A 2001 analysis by Stewart and Steenkamp examining pyrrolizidine poisoning in human toxicology found that most documented cases involved either contamination of staple foods in developing nations or misidentification of plants (toxic species mistaken for comfrey). They noted the conspicuous absence of toxicity reports despite extensive historical use, characterizing this as “a neglected area in human toxicology”—neglected precisely because the anticipated epidemic of poisoning cases never materialized.[ref]Pyrrolizidine poisoning: a neglected area in human toxicology. Stewart MJ, Steenkamp V. Ther Drug Monit. 2001 Dec;23(6):698-708[/ref]

Conclusion: The Comfrey Persecution#

The evidence assembled here establishes several incontrovertible points:

First: The most frequently cited human cases of alleged comfrey toxicity are fundamentally flawed. They involve patients taking multiple documented hepatotoxic pharmaceutical drugs that have, in other cases, caused liver damage without any comfrey involvement. Others involved severely malnourished, emaciated individuals with pathological eating patterns and concurrent marijuana use.

Second: Pyrrolizidine alkaloids pervade the food supply at levels equal to or exceeding those found in comfrey preparations. Grains, honey, eggs, dairy products, common teas, and cooking spices all contain significant PA levels. Yet only comfrey faces prohibition.

Third: Contemporary research demonstrates conclusively that topical comfrey preparations pose no verifiable risk due to minimal absorption of pyrrolizidine alkaloids.

Fourth: The vast majority of toxicity studies employed isolated, purified PAs administered in ways that bear no resemblance to traditional human consumption of whole comfrey leaf. The synergistic and protective effects of the complete plant matrix are systematically ignored.

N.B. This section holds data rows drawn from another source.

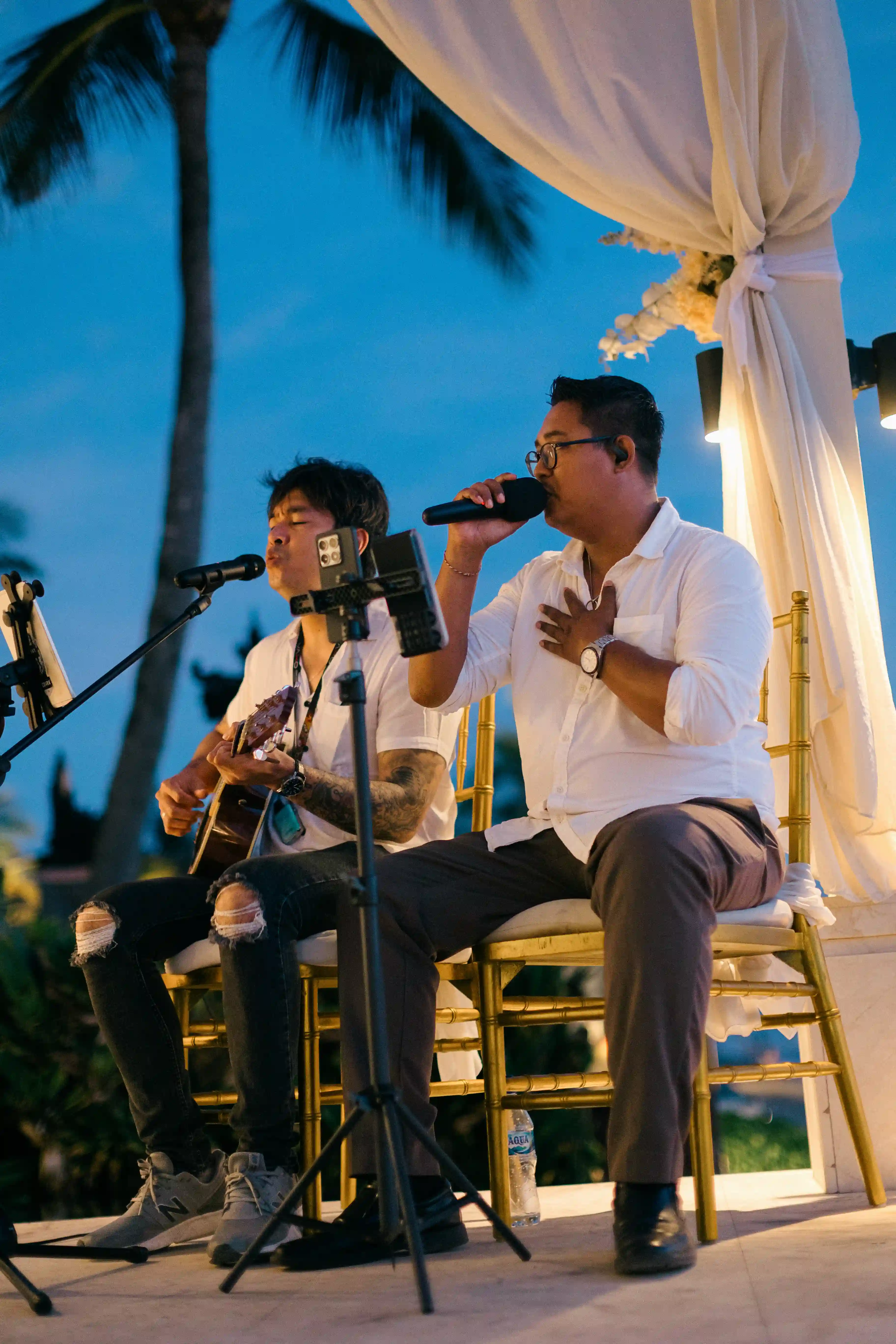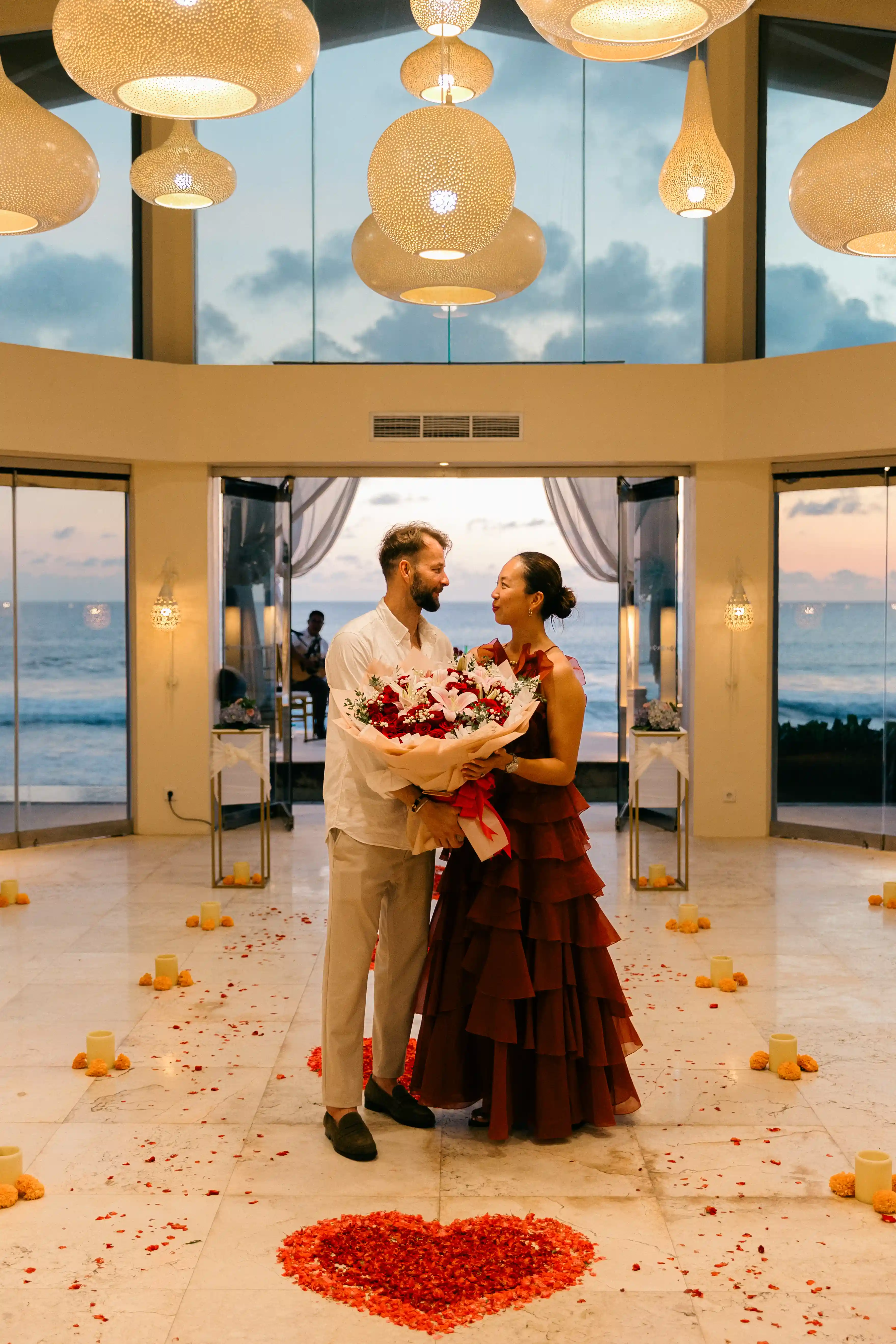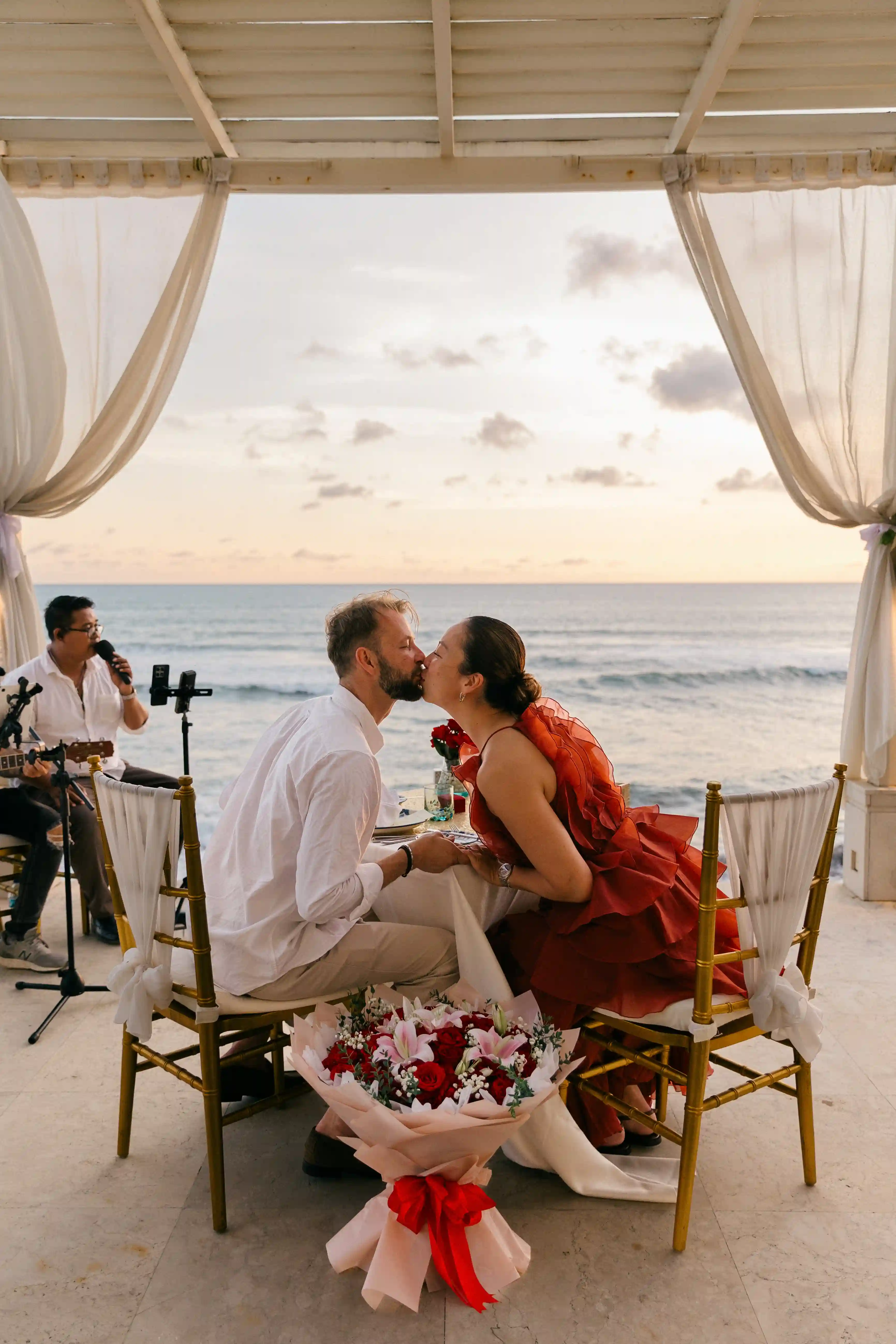As the sun began to set over the ocean, live music played in the background, creating a magical and emotional atmosphere. The combination of golden light, gentle waves, and music made the setting feel truly special and one of a kind.
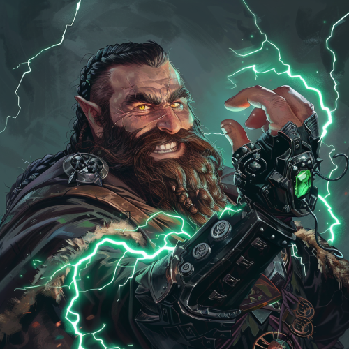 A magic the gathering style high detail digital painting of a dungeons and dragons style Dwarf male with a braided beard, he is posed wearing a short wizard like robe and a magical black colored metal gauntlet glove with lightning and electricity produced from a green gem imbedded in it, He is posed holding the gauntlet up and pulling it onto his hand and smiling at it and its power, evil sorcerer --v 6.0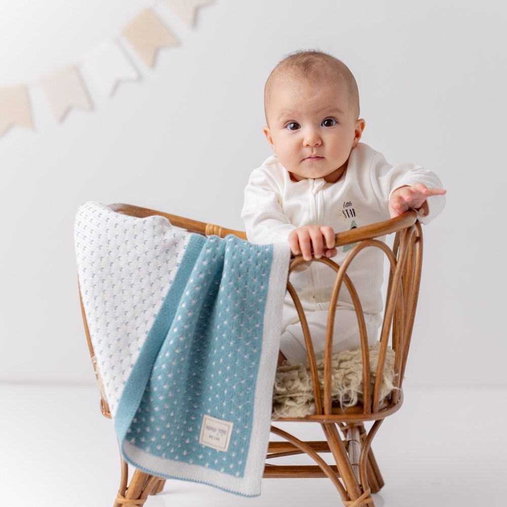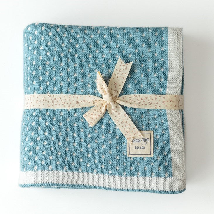 Mama Yoyo Puantiyeli Mavi Çift Taraflı Triko Battaniye 90*90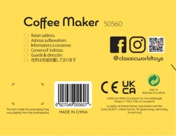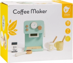 Stijlvolle houten koffiemachine van Classic World brengt veel plezier en leerzame momenten in de kinderk keuken. De set van 7 delen biedt realistische bewegende onderdelen, draaibare knoppen met geluid en een veilige afwerking van natuurlijk hout. Ideaal voor rollenspel, de ontwikkeling van fijne motoriek en creativiteit bij kinderen vanaf 18 maanden.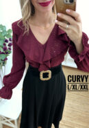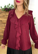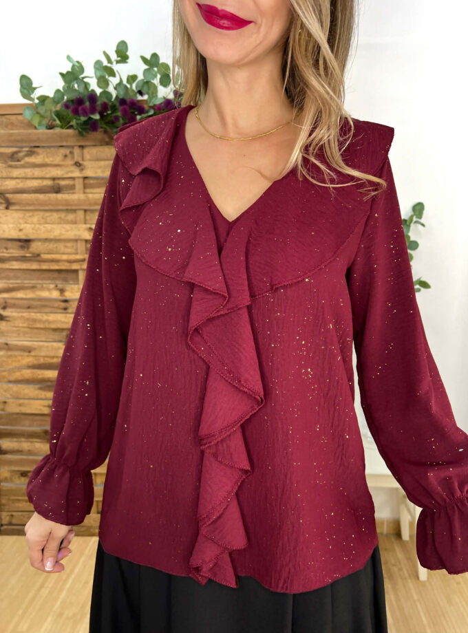 Blusa fluida burdeos con brillo dorado y volantillos. Lleva goma en los puños.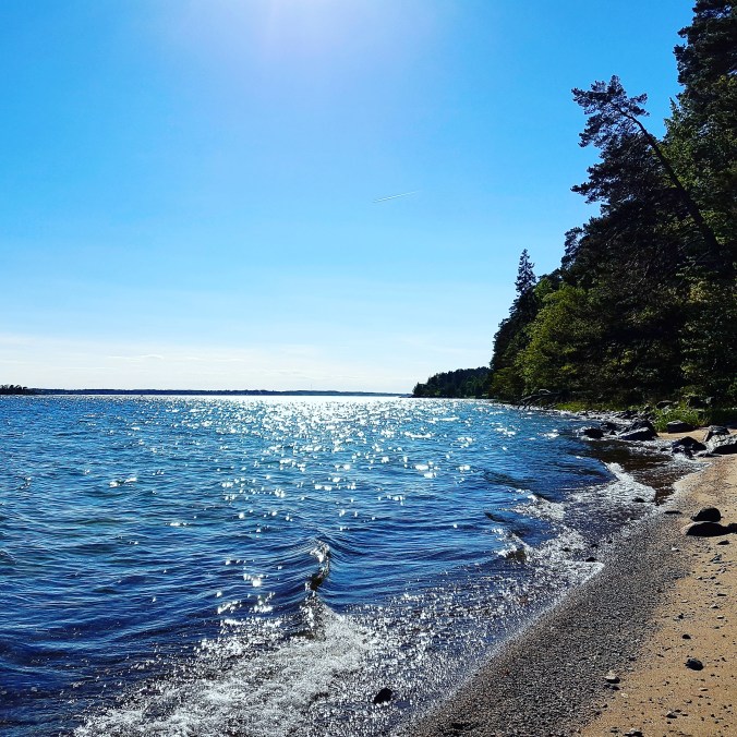 Hem åkte vi över Nävekvarn – besökte en vacker strand vi hittade förra sommaren.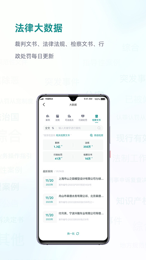 1、引入人工智能技术,智能化文件管理,智能匹配过往案例,文档在线编辑保存 2、审批便捷,即时聊天,视频会议,团队协作更高效,合同全程电子化 3、流程化、可视化工作指引模板、可视化任务 4、海量的法律法规、司法解释、法律程序、智能化文件管理 5、系统消息推送提醒,提高律师工作效率再也不用担心会忘功能介绍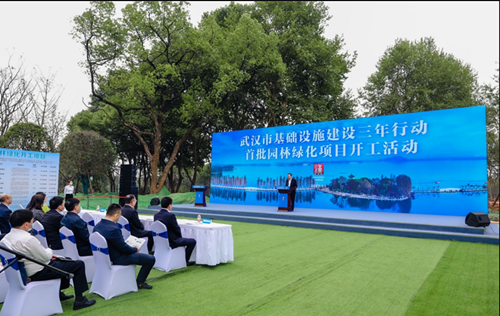 2022年5月18日上午,武漢市基礎(chǔ)設(shè)施建設(shè)三年行動首批園林綠化項目開工活動在東湖風景區(qū)落雁景區(qū)改造項目現(xiàn)場舉行,市委副書記、市人民政府市長程用文宣布開工并講話。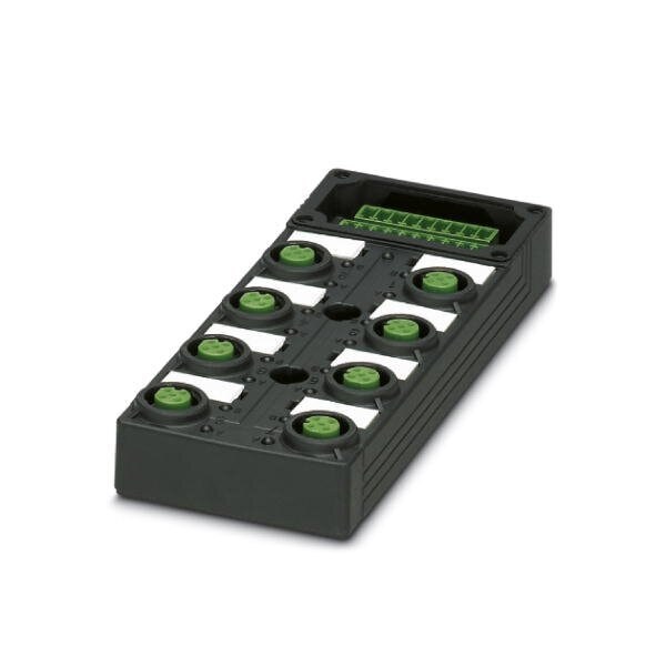 Sensor/actuator box header application: Standard connection method: M12-SPEEDCON-socket Plastic number of slots: 8 number of positions: 5 coding: A - standard slot assignment: Double status display: yes pnp; master cable connection: Pluggable screw connection shiel

Fifth: Despite millennia of widespread human use across diverse cultures, actual documented cases of comfrey-induced toxicity remain extraordinarily rare and questionable.

The regulatory response to comfrey is grotesquely disproportionate to any actual evidence of harm. This disparity becomes even more unconscionable when compared to the permissive treatment of pharmaceutical drugs with well-documented hepatotoxicity and common foods containing equivalent or substantially higher PA concentrations.